The King and I is a studio cast recording of the musical by Rodgers and Hammerstein. The album was released by Philips Classics in 1992. Conducted by John Mauceri with the Hollywood Bowl Orchestra, the album stars Julie Andrews as Anna and Ben Kingsley as the King of Siam. The recording uses the orchestrations from the musical's 1956 film adaptation but restores three songs cut from the movie: "Shall I Tell You What I Think of You?", "My Lord and Master", and "I Have Dreamed". Lea Salonga and Peabo Bryson sing Tuptim and Lun Tha, with Marilyn Horne singing "Something Wonderful".

Critics noted Andrews' singing and the orchestral arrangements, while some felt the album was short of charm compared with earlier versions. The album was nominated for a Grammy Award for Best Musical Theater Album and reached number one on the Billboard classical crossover albums chart.

==Album details==
Conducted by John Mauceri with the Hollywood Bowl Orchestra, the album features Julie Andrews as Anna and Ben Kingsley as the King of Siam.

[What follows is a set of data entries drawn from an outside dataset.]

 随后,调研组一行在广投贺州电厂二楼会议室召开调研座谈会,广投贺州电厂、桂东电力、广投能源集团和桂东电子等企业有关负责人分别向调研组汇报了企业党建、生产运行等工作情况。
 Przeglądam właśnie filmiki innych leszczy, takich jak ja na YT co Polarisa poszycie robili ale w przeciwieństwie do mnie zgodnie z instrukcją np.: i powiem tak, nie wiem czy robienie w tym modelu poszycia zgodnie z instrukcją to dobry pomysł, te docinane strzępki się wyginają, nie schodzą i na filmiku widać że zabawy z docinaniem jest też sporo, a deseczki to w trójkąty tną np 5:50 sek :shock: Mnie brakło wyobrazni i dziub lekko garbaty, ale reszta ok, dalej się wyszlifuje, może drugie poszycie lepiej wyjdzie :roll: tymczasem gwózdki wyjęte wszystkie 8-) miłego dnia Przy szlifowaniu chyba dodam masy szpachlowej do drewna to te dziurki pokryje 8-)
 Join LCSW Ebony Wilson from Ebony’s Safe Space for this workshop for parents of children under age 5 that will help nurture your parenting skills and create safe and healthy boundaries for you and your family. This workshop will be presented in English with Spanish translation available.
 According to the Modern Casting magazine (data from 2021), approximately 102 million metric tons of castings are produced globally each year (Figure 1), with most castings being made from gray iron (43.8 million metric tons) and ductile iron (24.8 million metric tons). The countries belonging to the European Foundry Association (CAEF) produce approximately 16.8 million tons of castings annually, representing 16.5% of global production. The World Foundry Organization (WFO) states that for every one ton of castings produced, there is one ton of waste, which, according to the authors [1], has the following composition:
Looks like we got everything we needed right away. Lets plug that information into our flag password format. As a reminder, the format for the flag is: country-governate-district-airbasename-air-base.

This recording marks the first time Andrews performed the role professionally. The project represented a return to musical theater for Julie Andrews, who had been absent from the genre for many years. For Ben Kingsley, it marked a rare foray into musical performance.

The recording uses the orchestrations from the musical's 1956 film adaptation, restoring three songs cut from the movie: "Shall I Tell You What I Think of You", "My Lord and Master", and "I Have Dreamed". The supporting cast includes Lea Salonga and Peabo Bryson as Tuptim and Lun Tha, with Marilyn Horne singing "Something Wonderful".

Released on CD, cassette, and vinyl (in Europe only), the album incorporates spoken dialogue from the musical to maintain the dramatic structure of the musical. Its creation was part of a larger celebration of Rodgers and Hammerstein's work, timed to coincide with the 80th anniversary of their first collaboration, Oklahoma!.

==Critical reception==

William Ruhlmann from AllMusic rated the album four out of five stars and called it "the exception to the many opera-singers-doing-a-musical recreations", praising Andrews' "brilliant" singing and Kingsley's "contemporary, distanced cool". The review also highlighted Mauceri’s orchestral choices.

Linda Sanders from Entertainment Weekly gave the album a C, criticizing its perceived lack of charm. She said Ben Kingsley fails to match Yul Brynner's iconic King, while Julie Andrews plays Anna more like a stern leader than a warm governess. The star-studded cast, she argued, ultimately weakens the magic of the classic musical.

Theatre writer John Kenrick praised the studio cast recording chiefly due to Julie Andrews' "magical" performance as Anna. He also admired John Mauceri's orchestrations with the Hollywood Bowl Orchestra, particularly their performance of "Shall We Dance", which he felt surpassed the original film version. Kenrick recommended the recording as an indispensable addition to any musical theater collection.

Professional ratings
Review scores
| Source | Rating |
| AllMusic | Star |
| Entertainment Weekly | C |

==Awards==
The cast recording was nominated for the 35th Annual Grammy Awards in the category of Best Musical Show Album.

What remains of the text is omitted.